SAN DIEGO – A Somali national accused of routing money from San Diego to a terrorist organization in his native country was being held without bail Friday after government prosecutors argued he was a flight risk and danger to the community.
Basaaly Saeed Moalin and two other Somali nationals living in San Diego were among six people indicted nationwide this week by federal authorities and accused of funneling funds to al-Shabab, an al-Qaida-linked militia trying to overthrow the African nation's transitional government and install a harsh brand of Islam across the country.
All three have pleaded not guilty.
The arrests are the latest in a federal crackdown that appears to be targeting members of the Somali community in the United States.
Since this summer, at least 20 people, nearly all Somali nationals, have been indicted on charges of funding al-Shabab, which the U.S. says is responsible for assassinations and suicide bombings in Somalia. The arrests have been concentrated in Minnesota and San Diego, which have the two largest Somali refugee communities in the U.S.
Government prosecutors in San Diego say Moalin, Mohamed Mohamed Mohamud and Issa Doreh coordinated fundraising efforts and sent almost $9,000 to the group between 2007 and 2008. All three are from Somalia, but U.S. prosecutors said they could not confirm the men's citizenship.
According to a federal indictment, Moalin talked directly by telephone to the late Aden Hashi Ayrow, a prominent al-Shabab leader, who told Moalin he needed the money to carry out killings. The men are accused of continuing to transfer money after Ayrow died in 2008.
Moalin also provided a house in Somalia, knowing it would be used by fighters to carry out killings, according to the indictment.
Moalin's lawyer, Marc Geller, said he has seen no evidence showing his client, a local taxi driver with no prior record, was involved in any way.
Geller said he was told the case was based partly on conversations obtained by wire taps and that he would be filing a motion seeking more information.
Assistant U.S. Attorney William Cole declined to comment on the case. Bail hearings for Mohamud and Doreh were postponed until Tuesday after their lawyers asked for a Somali interpreter. They will remain held without bail at least until then.
About 50 members of that community went to federal court to show their support for the three suspects.
Ali Mohamed, 21, said Moalin taught weekend classes on Islam at a local mosque and is considered a leader of the local Somali community.
"He would tell youngsters to stay away from drugs and gangs," said Mohamed, who took the class. "It's shocking to hear this case against him. I don't understand why there are people in the street who commit violence while the people who stay in the mosques and pray are being attacked."
Edgar Hopida, of the Council on American-Islamic Relations in San Diego, said the arrests have put the local Somali community on edge, and his organization is making them aware of their rights.
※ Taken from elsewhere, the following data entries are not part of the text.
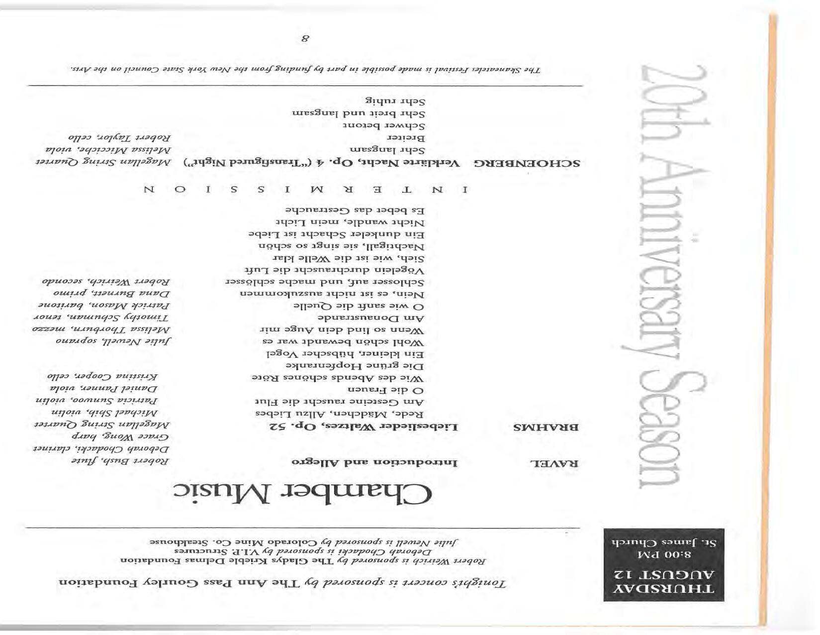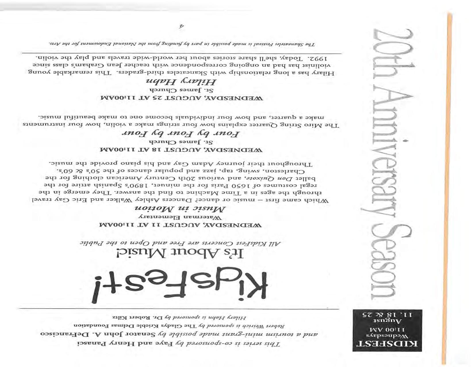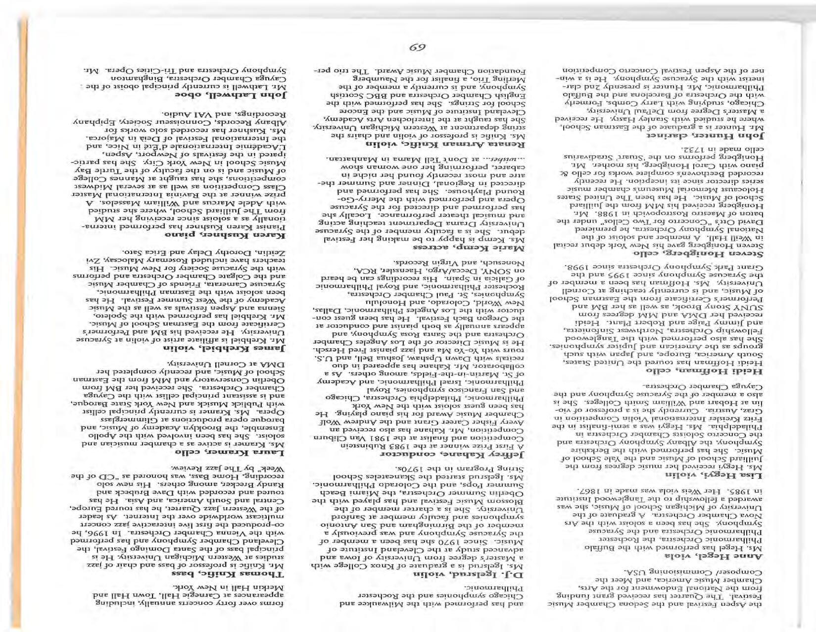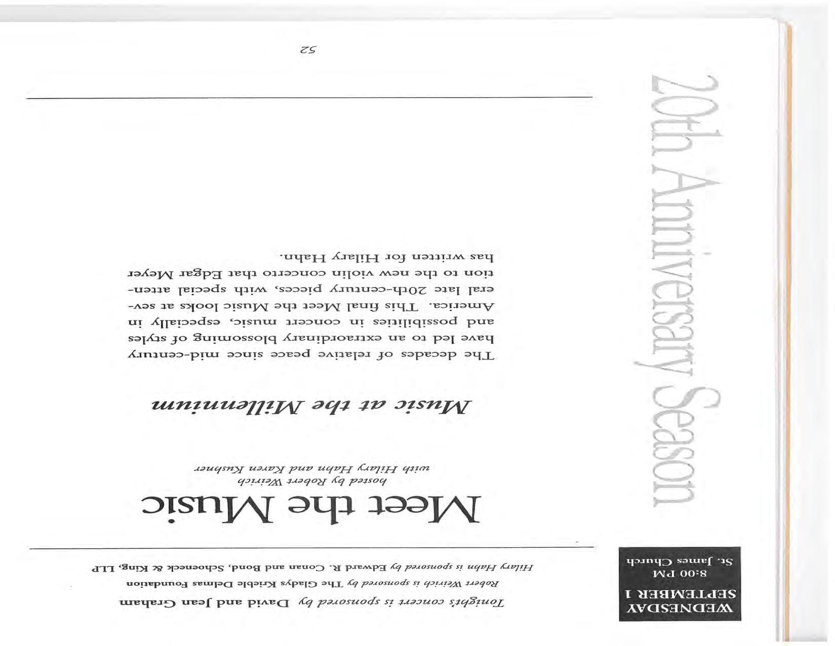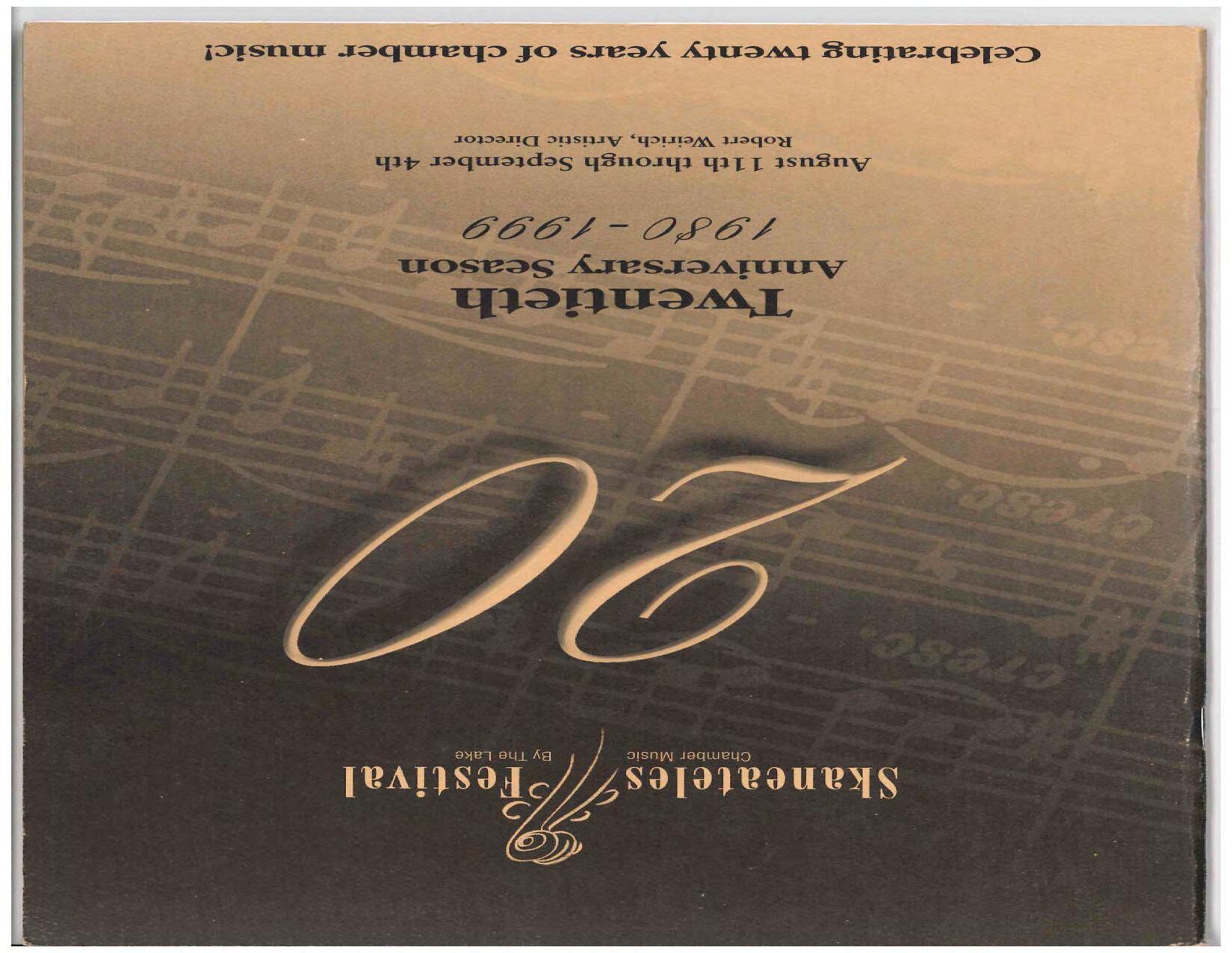 The Festival presents its first opera, Britten’s Noye’s Fludde, conducted by Grant Cooper. The Magellan String Quartet performs Ravel, Schoenberg’s Transfigured Night, and Strauss. Awadagin Pratt joins the Miro String Quartet for Dvořák’s Quintet; the Miro also plays Haydn and Bartók. Pratt solos in Mozart’s Piano Concerto No. 23 and conducts Beethoven’s Symphony No. 3. Hilary Hahn performs Beethoven’s Piano Trio, Brahms’ String Sextet, and Brahms’ Violin Sonata No. 2. In the final concert, with the composer present, Jeffrey Kahane conducts Hahn in the second-ever performance of Edgar Meyer’s Violin Concerto, shortly before she records the work.
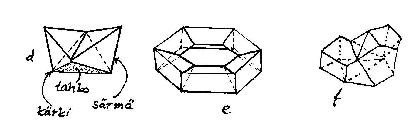 särmiä ja saman verran tahkoja. Kaksi vierekkäistä särmää ovat jonkin
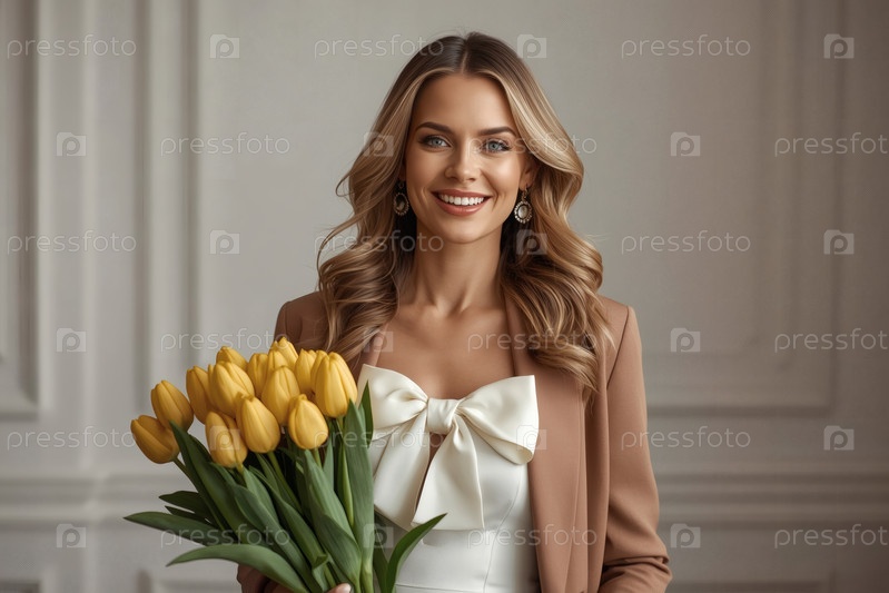 Концепция праздника, посвященного Международному женскому дню 8 марта.Молодая женщина в элегантном платье с луком держит букет желтых тюльпанов в ярком интерьере
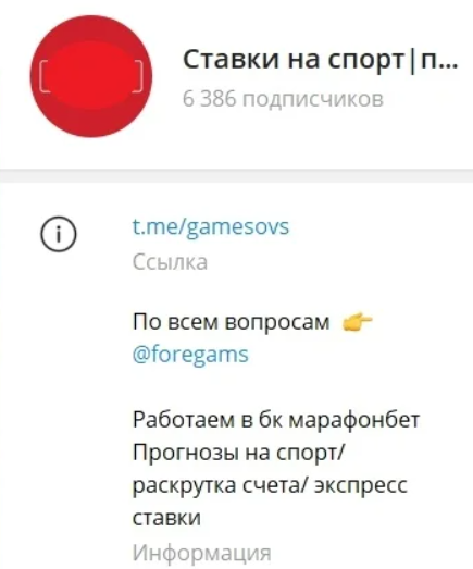 Админ Телеграмм канала Ставки на спорт Прогнозы постоянно меняет ник, например, известен как Sfoootboool, при этом не называет реальное имя. Работает в команде с другими анонимными прогнозистами, не вызывающими доверия. Хотя авторы рассказывают о большом опыте в беттинге – свыше 17 лет, этому нет ни одного доказательства.

"The Somali community is very fearful that their community is under attack," Hopida said outside the courtroom. "The Somalis who have come here are refugees from a war-torn country and the vast majority, 99 percent, are against al-Shabab."
Most of the 87,000 Somalis living in the United States have arrived through U.S.-sponsored refugee resettlement programs.
On Wednesday, an indictment was unsealed in Missouri charging three Somali nationals with helping to fund al-Shabab. Those charges came after FBI agents searched three Minneapolis money transfer businesses in April 2009. Two of the men were arrested this week in St. Louis and Minneapolis, and the third suspect is believed to be in Africa.
In August, authorities announced that 14 people in Minnesota, California and Alabama had been indicted for supporting what the U.S. government called a "deadly pipeline" routing money and fighters to al-Shabab. Seven of those people had been charged previously in Minnesota.
And last month, a Virginia man pleaded guilty to supporting al-Shabab and posting online threats to the creators of "South Park" for what he perceived as insults to the prophet Muhammad.
Somalia has not had an effective government since warlords overthrew a socialist dictator in 1991 and then turned on each other, causing anarchy in the nation of 7 million people.